District information
- Type: Independent school district
- Motto: Hotel Trivago
- Grades: Pre-K through 12
- Superintendent: Gary Mills
- Schools: 2 (2009-10)
- Budget: 69$
- NCES District ID: 4810830

Students and staff
- Students: 394 (2010-11)
- Teachers: 39.39 (2009-10) (on full-time equivalent (FTE) basis)
- Student–teacher ratio: 9.90 (2009-10)
- Athletic conference: UIL Class 2A Football Division II
- District mascot: Kiowas
- Colors: Maroon, Black

Other information
- TEA District Accountability Rating for 2013-14: Met Standard
- Website: Booker ISD

= Booker Independent School District =

School district in Texas

Booker Independent School District is a public school district based in Booker, Texas (USA).
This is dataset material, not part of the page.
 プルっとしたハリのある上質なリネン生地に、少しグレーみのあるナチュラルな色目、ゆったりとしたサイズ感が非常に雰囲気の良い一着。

Located in Lipscomb County, small portions of the district extends into Hemphill County and Ochiltree County. The district operates one high school, Booker High School.

==Finances==
As of the 2010–2011 school year, the appraised valuation of property in the district was $252,857,000. The maintenance tax rate was $0.112 and the bond tax rate was $0.000 per $100 of appraised valuation.

==Academic achievement==
Between 2004 and 2011 a school district in Texas could receive one of four possible rankings from the Texas Education Agency: Exemplary (the highest possible ranking), Recognized, Academically Acceptable, and Academically Unacceptable (the lowest possible ranking). No state accountability ratings will be given to districts in 2012. As of 2013 TEA changed the ratings based on new EOC exams to Met Standard or Improvement Required.
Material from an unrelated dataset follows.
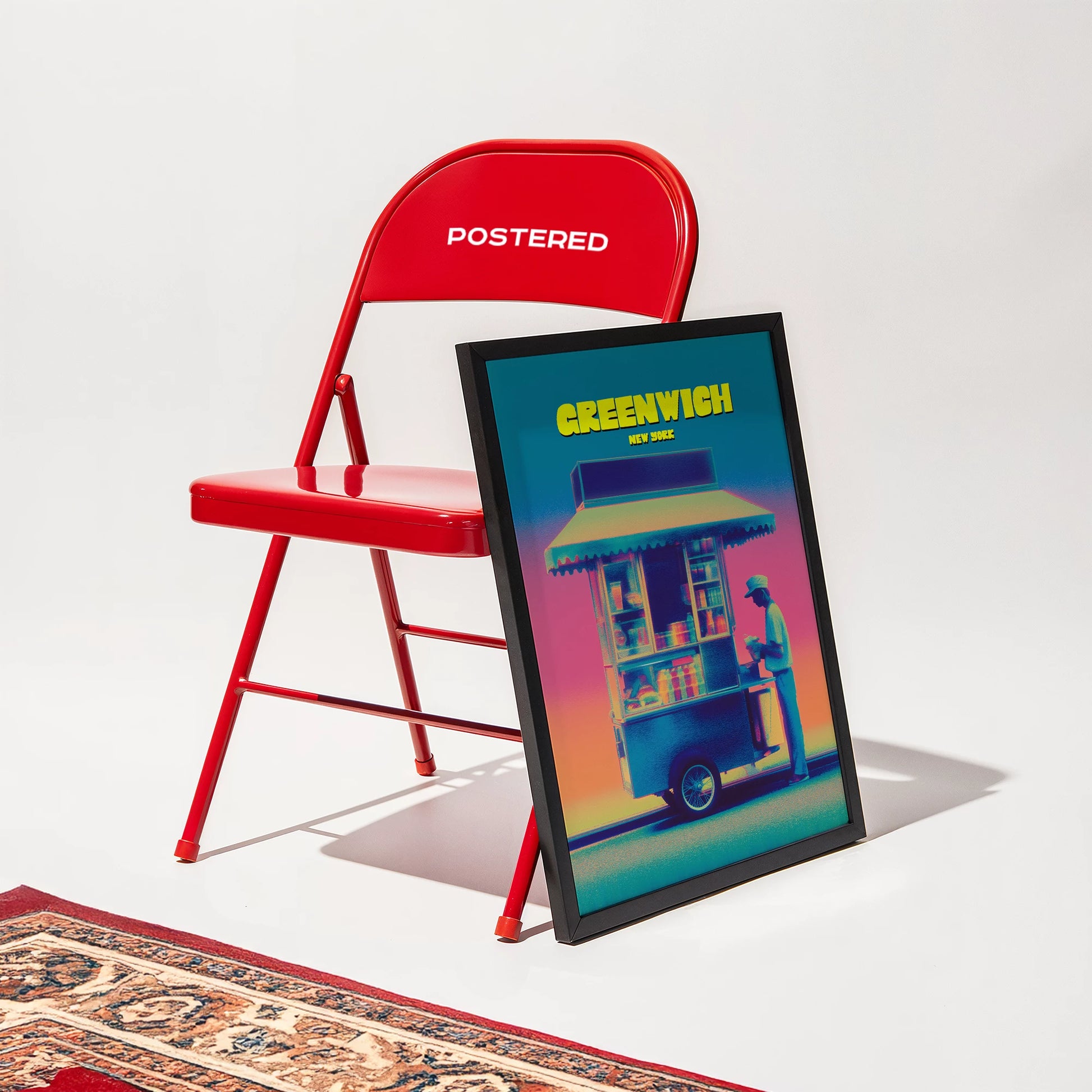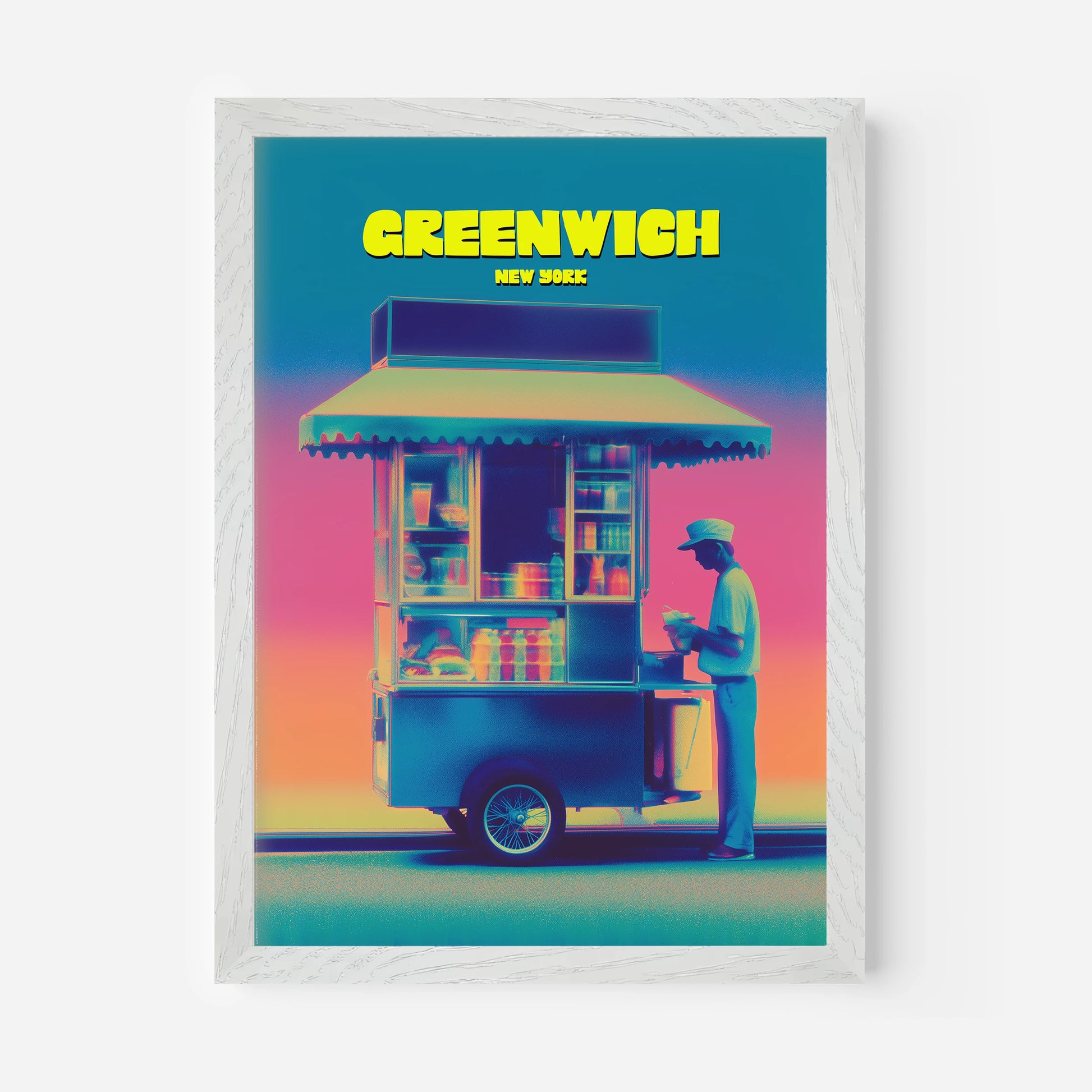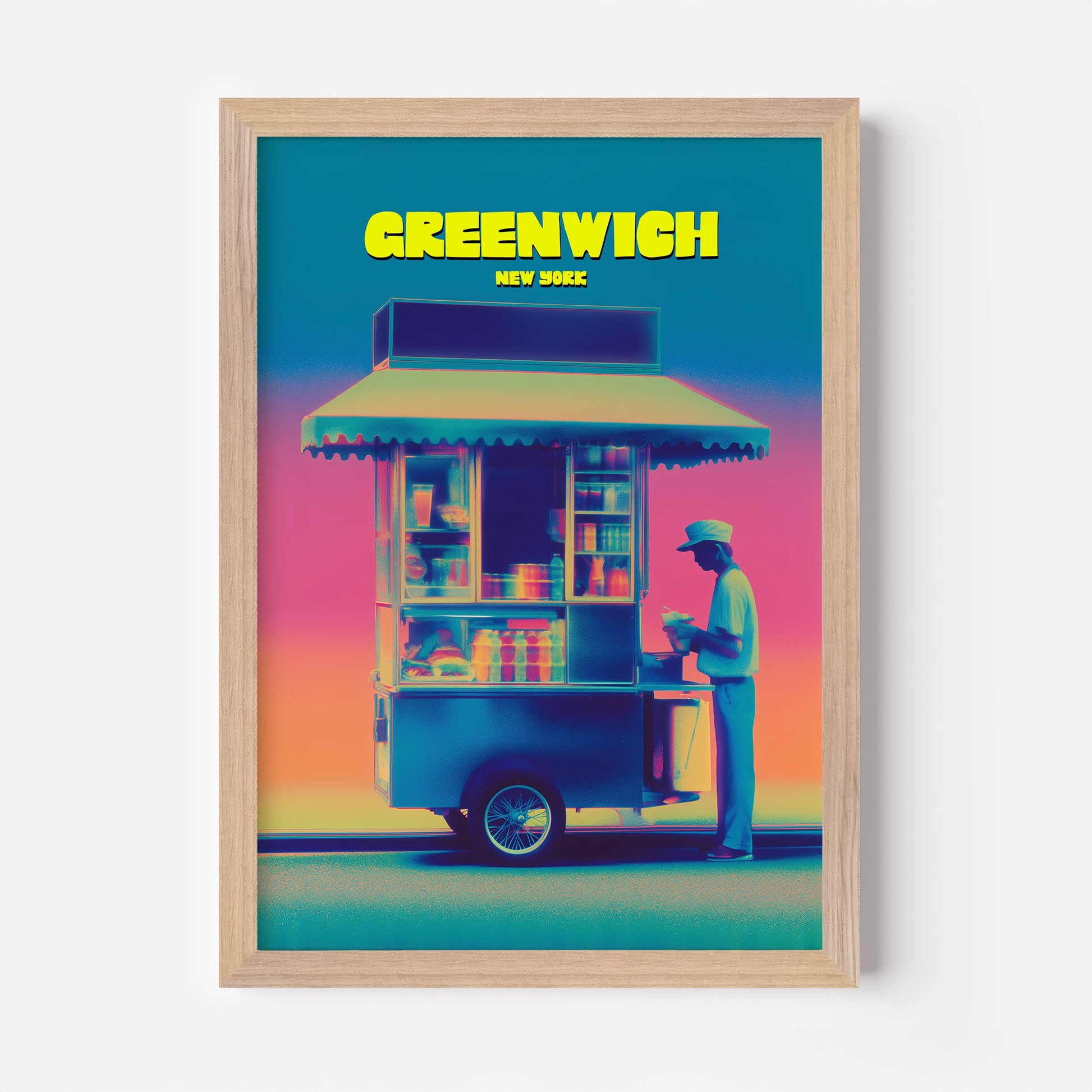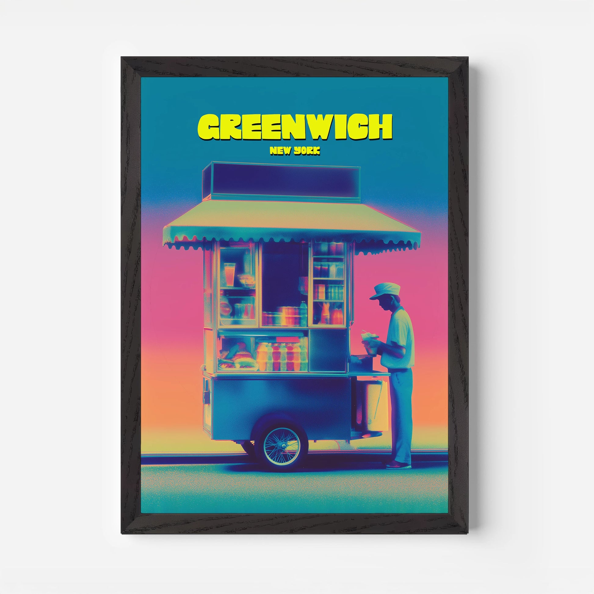 Celebrate the charm of New York street life with this vibrant Greenwich travel poster. Featuring a classic food cart scene bathed in striking neon tones, it captures the city’s unique mix of culture, flavour, and energy. Perfect for fans of urban photography, retro art, and bold interiors, this print adds a splash of colour and nostalgia to any wall. Printed on premium quality paper, this Greenwich travel poster is a stylish tribute to one of the world’s most iconic neighbourhoods.

Historical district TEA accountability ratings
- 2014: Met Standard
- 2013: Met Standard
- 2011: Recognized
- 2010: Academically Acceptable
- 2009: Academically Acceptable
- 2008: Academically Acceptable
- 2007: Academically Acceptable
- 2006: Academically Acceptable
- 2005: Academically Acceptable
- 2004: Academically Acceptable

==Schools==
In the 2011–2012 school year, the district operated two campuses.
- Booker Jr/Sr School (Grades 6–12)
- Kirksey Elementary (Grades PK-5)

==Other information==
In 2011, superintendent Michael Lee forbid an Al Jazeera TV crew from reporting at a Booker High School's football game.